Well if you get the gasifer good and hot first maybe the cat will be able to eat.
I hate ants once they get started you have a devil of a time getting rid of them and the ones around here tend to eat wood. Needless to say I don’t think wood should be wasted on ants.
Ha, just like people. A few are carrying while others are only “running around”. Probably talking about what “we achieved”
Are those stinging Fire Ants? I pour boiling water into their mounds near the house and in the garden. The fire ant mounds in the fields/pasture cause my rotary shredder to shear pins. The stings leave welts, and really hurt. In town, several old folks have fallen down, and been stung by so many ants that they have died.
I’ve used cinnamon to keep ants away. Works good.
The dead ants around my house prefer to eat a paste of sugar and boric acid.
We must have drive on wood ants here in Australia reading and getting idea’s from Koens ones , not a single ant in this newly rebuilt kitchen and yet 1 hour ago outta the blue come a recon unit on a mission , they must be getting idea’s from somewhere !
Oldest daughter got her hunting licence resently. First score yesterday - a capercaillie.
In a month moose hunt starts.
That looks like a pretty high caliber rifle to be using on a bird. Doesn’t it blow the bird all to pieces.TomC
isn’t that what they called a "flying meatgrinder? "
It’s a 6.5 mm, which is a popular allround caliber for all wild life here. All the way from bird to boar and moose.
On bird, fully manteled ammunition is used. It does no damage, except a tiny hole right through. Se was lucky enough to hit this one in the spine and nothing edible was touched at all.
Thats a butyfull bird! Tasty l bet. We call them wild roosters here, preety rare nowdays.
Is the rifle a Anshutz?
“Tjäder” is the Swedish name of the bird. Just a name. Has no translation. The rifle is a Tikka M65 Trapper.
Nice rifle. I had been going to guess an older Sako Finnbar like my LH.
Forest Grouse here (a much smaller bird) are legally high-powered rifle taken here by “rock’ing” them.
They often mooch gizzard grit off of the graveled forest roads. You aim at the road in front of them. Gravel spew up to kill them. Sure fire kill technique. Saves the meat. This is usually done during big game season, so a missed grouse head shot will get you nothing except crowed-at.
No; really. The forest crows boom-frightened will alarm away the big game for half a day.
Women knowing guns has been my last 30 years goal. (Ha! Then they do not need-a-man. But free then to choose-a-man.)
tree-farmer Steve unruh
Down here people soak corn in strawberry jello. Hogs go wild for it.
I have a back corner of my field which just doesn’t get enough sun to dry this time of year. I baled it up today 2 days after cutting the rest of the field was bone dry but there where maybe 6 bales in that corner which looked like you just mowed it minutes before baling. Needless to say my cows where really happy to get the fresh second cut grass for dinner. Just a few fun photos of them covered with their fresh grass because they wouldn’t get out of the way long enough to let it hit the ground.

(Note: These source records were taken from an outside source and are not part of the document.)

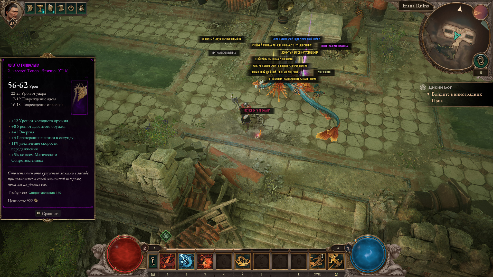 Далее вам придется сразиться с самим Гиппокампосом, Пожирателем заблудших. Битва сложная, и если не получается, просто вернитесь сюда позже. Среди прочего лута и эпичного оружия выпадет позвонок Гиппокампа. Его можно использовать для повторного призыва босса.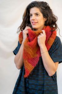 Le blocage est une technique, combinant lavage et séchage à plat, qui permet de donner une forme définitive à votre ouvrage. La laine possède une mémoire de forme : bloquer la laine, c’est lui redonner la mémoire… Car en tricotant, le fil est tordu par les aiguilles et se trouve sous tension, il est resserré. Le fait de tremper la laine aide la fibre à retrouver ses caractéristiques : souplesse, fluidité, élasticité. Ensuite, le séchage à plat et sous maintien donne la forme finale et les dimensions voulues à votre ouvrage. Par exemple, un châle comme la pointe Honoré si vaporeuse, ou la  pointe Peony très structurée, trouvent leur forme parfaite grâce au blocage, une fois pour toutes.
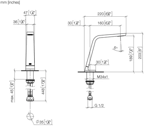 - Armaturenhöhe 204 mm
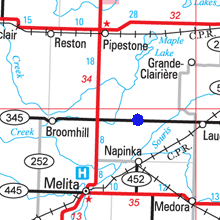 ![]() Photo and Info from Historic Sites of Manitoba Near the school building is a cairn, erected in July 1988, commemorating the teachers, students and families of Bernice School No. 547, which was established as Gould School at SW22-5-26W in the Rural Municipality of Albert, and operated between 1888 and 1914. It became Bernice (Berneice) School in 1914, situated at SE23-5-26, continuing until 1965 when it became part of Napinka Consolidated School No. 2369. A nearby station of the Canadian Pacific Railway, also named Bernice, existed at NE14-5-26 from 1906 to 1952.

Life goes on. Been off the site for a couple weeks. Very busy trying to get things together to go to Africa. Apparently the embassy in D.C. is demanding a form that no one in Congo even knows exists. After sending people to three major cities, we finally found someone who either knew what the paper was, or was willing to make it up. Anyway, thought we were ready to go until we got the paper across the Atlantic only to find out that they put the wrong date of birth down for me. Apparently they think I am 102 years old and want to go to the jungle. LOL. How many people born in 1916 are still alive? Anyway, we’ll see what happens next.
After the drought it took only a couple of showers and the Karl-Johan mushrooms started popping up like… well, like mushrooms. (Penny bun, Porcini, Karl-Wilhelm fungus, Boletus edulis)
That’s a lot of mushrooms, to me. What are you doing, drying them out? Will they keep after this process, or do you have to can them or something. I have never lived where there were many edible mushrooms, or no one knew enough about them to know what to eat. We have one type that is good, and people pick that one because it has a very distinctive look. How does your wife fix those big ones? Another reason for you to go out to the woods. TomC
Jan, after a Summer drought, we have just had about ten days of light rain, and there are some large mushrooms showing up. How do you know which ones are edible, and which ones might be poisonous? We have always been afraid to experiment…
Billy I sure hope I can do half what your doing when I get to be 102. That is pretty funny.